Friday, February 20, 2009

Mea Culpa

Did you ever have the experience of having an idea that was vivid and compelling when you saw it in your mind’s eye, only to have it fall flat when you gave it voice? Maybe, when you tried to express yourself, you were tired. Or in a rush. Or not quite as clever as you thought you were. That’s what happened with my last post, Wasted. (Heavy on the 3rd excuse.)

After the post went up, someone emailed me another meeting invitation, with the comment I see you like to have plenty of notice for these invitations! A similar remark about how upset I seemed, received a few days later, along with some of the comments on the blog, made me realize I need to clarify my intentions about that posting.

Okay. That whole angry rant about how nobody shows consideration for my busy, surgeon’s schedule... Acting! Can you believe that some readers were actually convinced that I’m pompous and self-absorbed? (Note: Readers snort in disbelief.)

I don’t expect everyone else to bend over backward to accommodate me. The point I wanted to make was that physicians’ inflexible schedules are largely a result of the long wait lists that jam our calendars for months ahead. If we accept that fact, then we can take action to give us more control over scheduling. Trimming wait lists would give us more latitude to schedule other activities on short notice (department meeting or golf game, your choice). Yet another potential benefit of Advanced Access.

Misunderstandings aside, Wasted brought in some great comments. Jill acknowledged the importance of physician input in decision-making, but was frustrated by physician no-shows at meetings. I’m not going to make excuses for anyone who doesn’t make a reasonable attempt to honor commitments to attend meetings. However, maybe there’s an opportunity here to get a better understanding about what motivates physicians to participate with administration.

IHI’s Engaging Physicians in a Shared Quality Agenda (you need to log in to download it, but it’s free) gives a framework on how to engage physicians in quality and safety initiatives. I appreciate the general ideas that the paper puts forward, but I’d like more concrete strategies. Perhaps individual health regions need to do surveys or focus groups to find out what local docs say is keeping them from participating fully. Then we can PDSA various incentives that will improve attendance at Jill’s meetings.

Sheribiah had some great suggestions on using communication technology to facilitate meetings. Eliminating travel time could indeed let me fit in a 30 minute meeting in the middle of an office day.




I made a New Year’s resolution to pursue some projects that have been gathering dust. One down! I made a very brief medical history questionnaire for patients coming for new consultation. You can see it on our office website under “General Information - Medical history questionnaire” (or try downloading it at this link). It’s not meant to be exhaustive, just to cover the main questions a urologist would ask about someone’s medical history.

Last week, as a small trial, we sent out the questionnaire to new consultation patients scheduled to see me on Feb. 18. Out of 6 new patients, 4 brought in the completed questionnaire. My staff scanned it into the computer as the patients arrived, making it handy for me to review before I greet my patient. I asked the other 2 patients if they had received a questionnaire in the mail and they said they had not. That may have been a result of the short interval between sending the letters out and the appointment date. I found the completed forms very helpful.

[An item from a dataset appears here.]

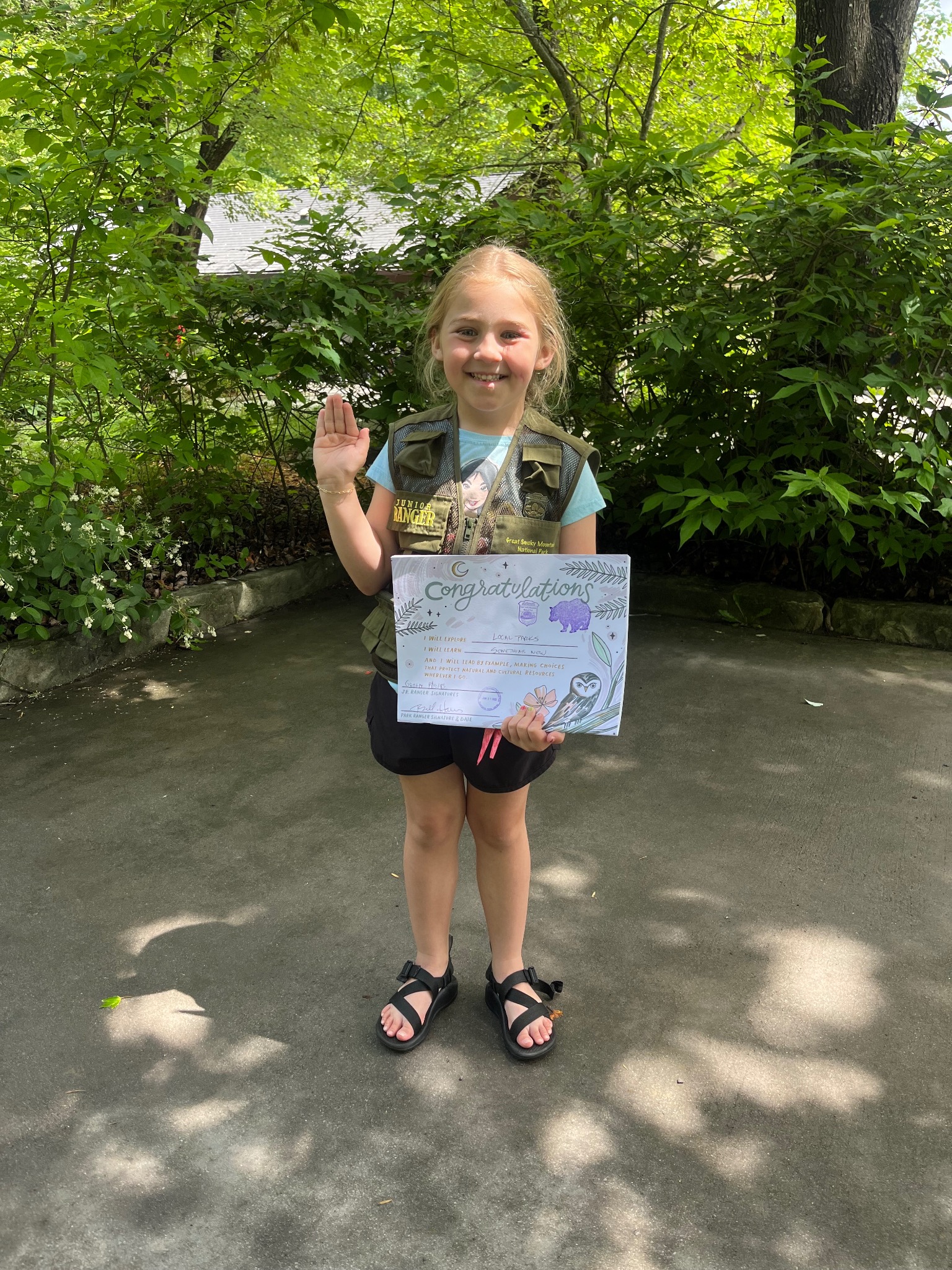 Her favorite thing to do outside is explore and listen to birds.
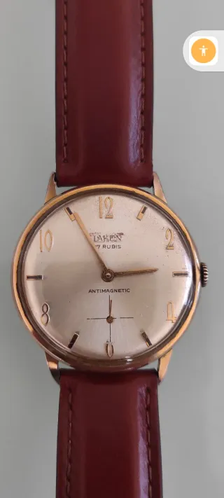 Reloj de pulsera Laken de hombre con correa de cuero. - Esfera plateada. - Detalles dorados en la caja y números. - Correa de cuero marrón. - Para reparar o para piezas. NO FUNCIONA NO REALIZO DEVOLUCIONES

Now we’re going to send the questionnaire out to all the urologists’ new patients, along with their appointment letter.

Note that we’ve specifically asked that patients not go to their family physician to have these forms completed. When I blogged about this questionnaire project previously, I received a comment from a family physician that patients were likely to take them in to his office to be completed, thus increasing his workload. That would definitely be an undesirable consequence.

The information is essentially the same as patients would give us in the office, but it speeds up the exchange, and it lets patients reflect unhurriedly at home about their medical history, so significant details aren’t forgotten. Also, medication lists will be more complete given their access to all their pill bottles at home.

Maybe you think I’m exaggerating the fact that we often receive referral letters devoid of patients’ past medical history. I did a quick review of the new patients I’ll be seeing in my office over the next 2 weeks. Out of 20 patients, only 5 referral letters had any mention of the patient’s past medical history, that is, other than the reason for referral.

I hadn’t considered another benefit of these questionnaires until this week. In our large specialist group, we often provide care to each other’s patients during evenings, weekends or holidays. If I’m going to call a patient to discuss a problem he’s having, I find it useful to review his past medical history on our electronic medical record before speaking with him. However, because of different practice styles, some of our group may occasionally be less scrupulous about recording patients’ past medical history, medications, etc. on our shared EMR. Now, if we have the patient medical questionnaire scanned into the EMR, that problem is solved.

All week, I had been looking forward to finding out whether it would work. It was very satisfying to see it was successful. My final “a-ha” for this little project was this: Clinical Practice Redesign is fun!